• [Task prompt]
Everything in the data below except the pictures must be repeated word for word.

• [Information shown]
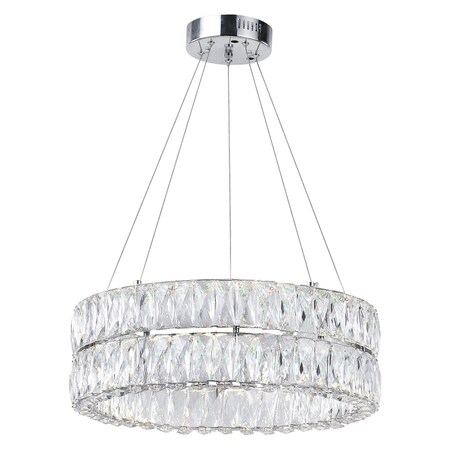 The Madeline 2 Ring LED Chandelier will lend a glamorously dramatic atmosphere to your space. This down chandelier has two crystal-laden rings of 20 inch diameter. One is directly on top of the other and both forms a 6 inch thick glittering halo of light. This circle-shaped light fixture is sure to add softness, flow, and positive energy to your home.Lighting is jewelry for the home, and there is the perfect piece for every room. This fixture is done in a beautiful chrome finish which could be the missing piece to lighten up and fall in love with your space all over again.<br/><br/>Features :<br/><br/>- Feel confident with your purchase and rest assured. This fixture comes with a three years warranty against manufacturers defects to give you piece of mind that your product will be in perfect condition.<br/>- Dimensions: H 6" x W 20" x L 20"<br/>- Chrome Finish - Integrated LED Bulb Included - Indoor (Dry Location)<br/>- cETLus Approved<br/>- Includes Assembly Instructions and Hardware<br/>- Compatible With Standard Low Voltage Dimmer.<br/><br/>Specifications :<br/><br/>- Number of Lights : 1<br/>- Voltage : 120v<br/>- Bulb Type : Integrated LED<br/>- Warranty Description : Three years warranty against manufacturers defect<br/>- Installation Type : Hardwired<br/>- Material : Metal.
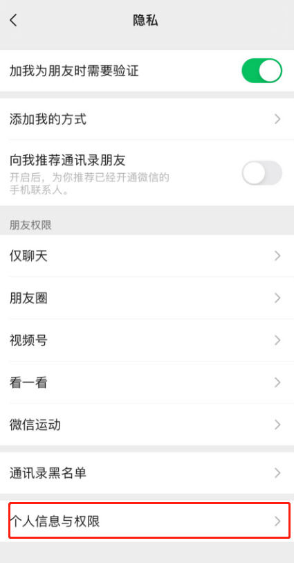 1. 打开微信我的页面,在“设置”中选择“隐私”。在隐私部分的底部,您可以看到新的个人信息和权限选项。
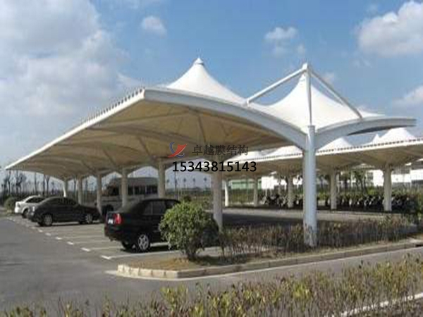 膜結(jié)構(gòu)車棚膜結(jié)構(gòu)所用的膜材料為具有、阻燃、耐久、自潔等特性的復(fù)合材料,一般由基布和涂層二部分組成?;贾饕捎镁壑w維或玻璃纖維絲編織而成,有平織和絞等多種編織方法,不同的膜結(jié)構(gòu)車蓬編織方法影響著膜材料的經(jīng)緯向力學(xué)性能指標(biāo),膜的抗拉強(qiáng)度和抗撕裂強(qiáng)度等;涂層材料主要有聚四氟乙烯和聚氯乙烯,在一定程度上提高了膜材料各項(xiàng)強(qiáng)度指標(biāo),為提高膜材料的耐久、自潔等特性,表面往往有一層氟涂層或硅涂層,膜材料的耐火、耐久及防水、自潔等性能,決定著膜材料的物理特性。
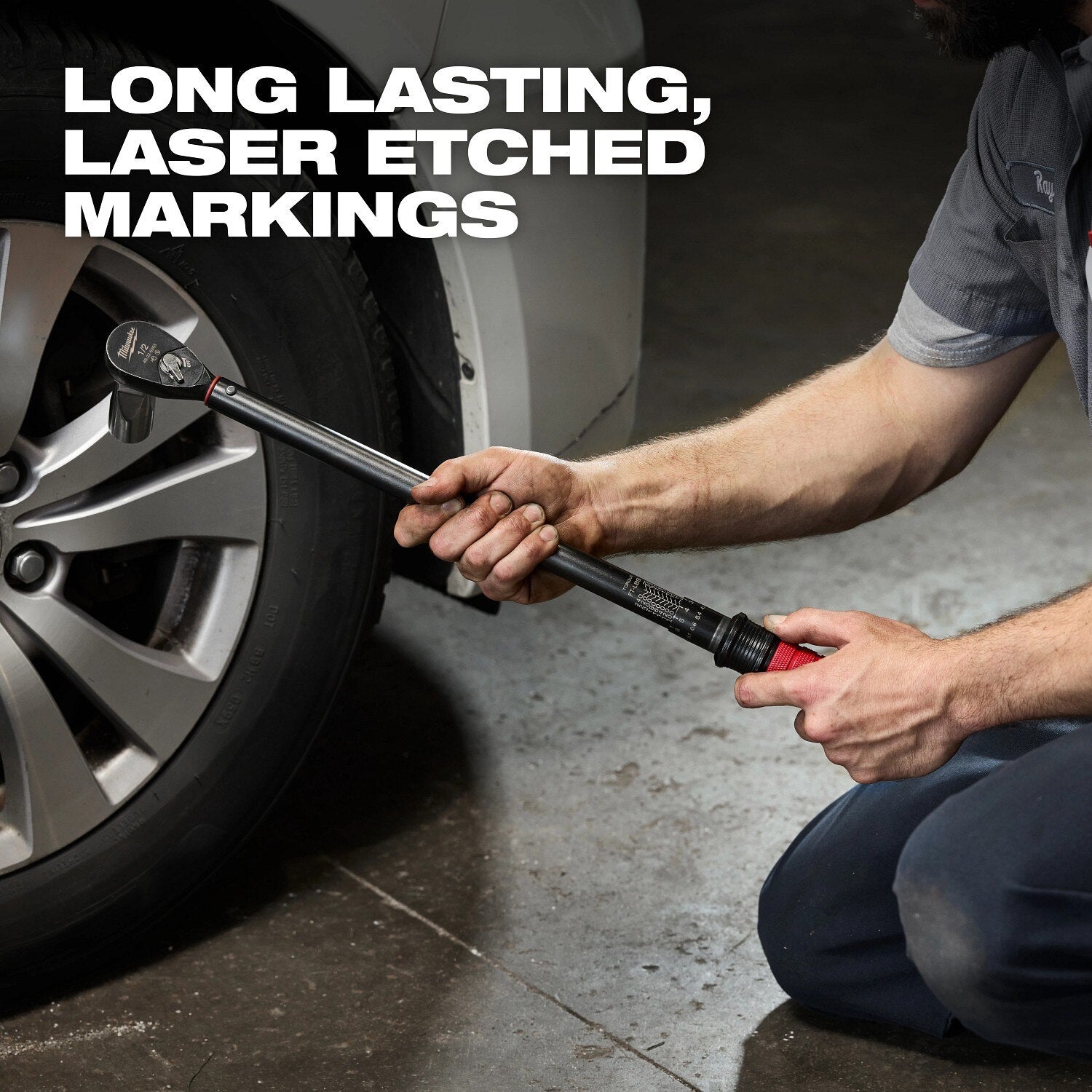 The MILWAUKEE 1/2 Inch Drive Click Torque Wrench with 50 - 250 ft-lbf of precise torque provides easy adjustment and high-contrast markings for quick, accurate torque settings. Bold torque markings improve efficiency when adjusting values, while long-lasting, laser-etched markings ensure durability over time. A strong breakaway feel and audible click give clear feedback when the target torque is reached. With a 4-degree arc swing, this wrench allows access in tight spaces, and its +/- 3% accuracy ensures consistent, reliable performance. The all-metal knurled handle provides a secure, comfortable grip for maximum control. Backed by a 2-year limited warranty.

• [Written response]
 The Madeline 2 Ring LED Chandelier will lend a glamorously dramatic atmosphere to your space. This down chandelier has two crystal-laden rings of 20 inch diameter. One is directly on top of the other and both forms a 6 inch thick glittering halo of light. This circle-shaped light fixture is sure to add softness, flow, and positive energy to your home.Lighting is jewelry for the home, and there is the perfect piece for every room. This fixture is done in a beautiful chrome finish which could be the missing piece to lighten up and fall in love with your space all over again.<br/><br/>Features :<br/><br/>- Feel confident with your purchase and rest assured. This fixture comes with a three years warranty against manufacturers defects to give you piece of mind that your product will be in perfect condition.<br/>- Dimensions: H 6" x W 20" x L 20"<br/>- Chrome Finish - Integrated LED Bulb Included - Indoor (Dry Location)<br/>- cETLus Approved<br/>- Includes Assembly Instructions and Hardware<br/>- Compatible With Standard Low Voltage Dimmer.<br/><br/>Specifications :<br/><br/>- Number of Lights : 1<br/>- Voltage : 120v<br/>- Bulb Type : Integrated LED<br/>- Warranty Description : Three years warranty against manufacturers defect<br/>- Installation Type : Hardwired<br/>- Material : Metal.
 1. 打开微信我的页面,在“设置”中选择“隐私”。在隐私部分的底部,您可以看到新的个人信息和权限选项。
 膜結(jié)構(gòu)車棚膜結(jié)構(gòu)所用的膜材料為具有、阻燃、耐久、自潔等特性的復(fù)合材料,一般由基布和涂層二部分組成?;贾饕捎镁壑w維或玻璃纖維絲編織而成,有平織和絞等多種編織方法,不同的膜結(jié)構(gòu)車蓬編織方法影響著膜材料的經(jīng)緯向力學(xué)性能指標(biāo),膜的抗拉強(qiáng)度和抗撕裂強(qiáng)度等;涂層材料主要有聚四氟乙烯和聚氯乙烯,在一定程度上提高了膜材料各項(xiàng)強(qiáng)度指標(biāo),為提高膜材料的耐久、自潔等特性,表面往往有一層氟涂層或硅涂層,膜材料的耐火、耐久及防水、自潔等性能,決定著膜材料的物理特性。
 The MILWAUKEE 1/2 Inch Drive Click Torque Wrench with 50 - 250 ft-lbf of precise torque provides easy adjustment and high-contrast markings for quick, accurate torque settings. Bold torque markings improve efficiency when adjusting values, while long-lasting, laser-etched markings ensure durability over time. A strong breakaway feel and audible click give clear feedback when the target torque is reached. With a 4-degree arc swing, this wrench allows access in tight spaces, and its +/- 3% accuracy ensures consistent, reliable performance. The all-metal knurled handle provides a secure, comfortable grip for maximum control. Backed by a 2-year limited warranty.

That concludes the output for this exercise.